I'm sorry but I really don't believe a 540 Hz or even 360 Hz LCD is going to be beaten in total end-to-end latency by any kind of CRT. I've yet to see any real world tests to the contrary.
And of course, modern OLED beats the pants off of both in that regard.
Is it though? Could you really say a 200 Hz CRT is going to beat a 540 Hz LCD with backlight strobing? Has anyone actually done thorough testing to confirm it? Motion clarity is made up of a lot of parts, it can't be ballpark guessed.
CRT has zero input lag. It is pure analog electronics with no buffering. "Racing the beam". Digital buffered displays are down to a few milliseconds but cannot ever be as low as CRT.
As an FPGA engineer that has developed custom monitors, I see no technical reason why an LCD panel cannot be driven with zero latency or buffering. It may just be that almost all monitors/TVs sold on the market happen to implement some type of buffering to have room for image enhancements etc. but it is not a requirement.

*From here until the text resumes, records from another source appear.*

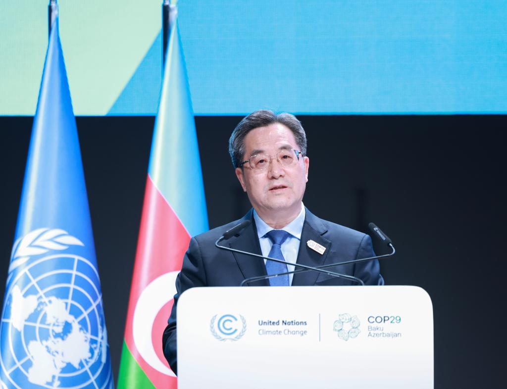 Ding, representante especial do presidente chinês, Xi Jinping, e membro do Comitê Permanente do Birô Político do Comitê Central do Partido Comunista da China, fez as observações ao discursar na Cúpula de Ação Climática dos Líderes Mundiais durante a 29ª sessão da Conferência das Partes da Convenção-Quadro das Nações Unidas sobre Mudança Climática (COP29) em Baku, Azerbaijão.
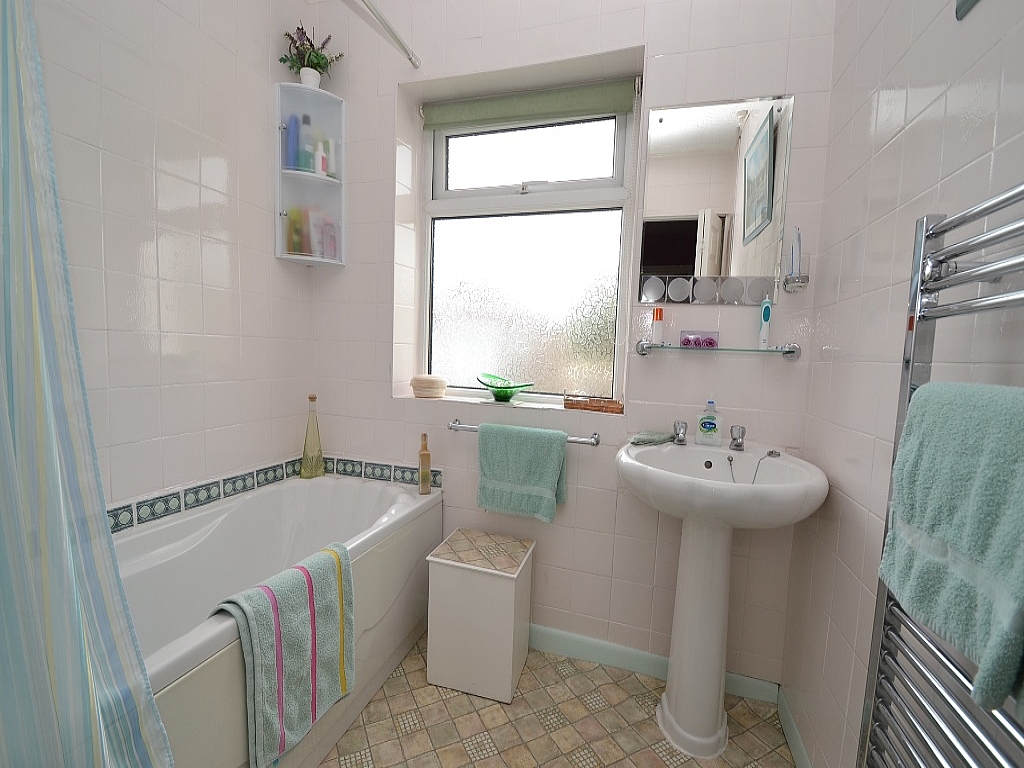 Bathroom: 6'9 x 6'9. Two piece suite in white, fully tiled, chrome shower unit over the bath, rail & curtain, frosted Upvc dg window to front, heated chrome towl rail.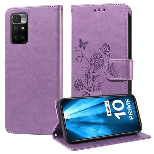 Funda de Cuero con Diseño de Mariposas y Flores En Relieve para Redmi 10 2022/10 Prime (Morado)

I don't see how you do a fair comparison. How do you even drive a CRT with a modern graphics card? Presumably you have some sort of digital to analog converter box, but wouldn't that add a touch of latency and defeat the purpose of the CRT?
When the analog signal enters the CRT, there are nanoseconds of lag before that signal causes the phosphor to be lit up on the other side. That is different to how a typical digital display works (with buffering) and that is where you get the zero input lag of CRT.
> presumably you have some sort of digital to analog converter box
Yes the CRT will display the output of that DAC in real-time. No additional buffering/latency after that conversion.
The Atari 2600 video hardware had no framebuffer and the code running on the CPU was racing the electron beam, updating the graphics mid-scanline in real-time while the electron beam was scanning that line on the display. That was about as raw and zero lag as it gets. The other 8 bit and 16 bit consoles also did not have framebuffers.
Another guy has commented here saying that in theory you could do the same with digital displays. In practice they buffer the input and add latency.
Depending on the display and the input type, some CRT displays do digitize and buffer the signal so that they can do some of the filtering and decoding digitally. The amount that they buffer is generally only on the order of a few lines, though.
CRT has zero input lag from signal to phosphor (maybe a few nanoseconds due to speed of electronics and the electron beam itself) but it will take a few milliseconds to scan an entire frame.
With vsync enabled I guess you could have effectively lower input lag from a well engineered 500hz digital display, when considering lag for complete frames.
If the system is fully engineered to race the beam then you can't beat zero input lag for CRT on mid scanline.
And of course, modern OLED beats the pants off of both in that regard.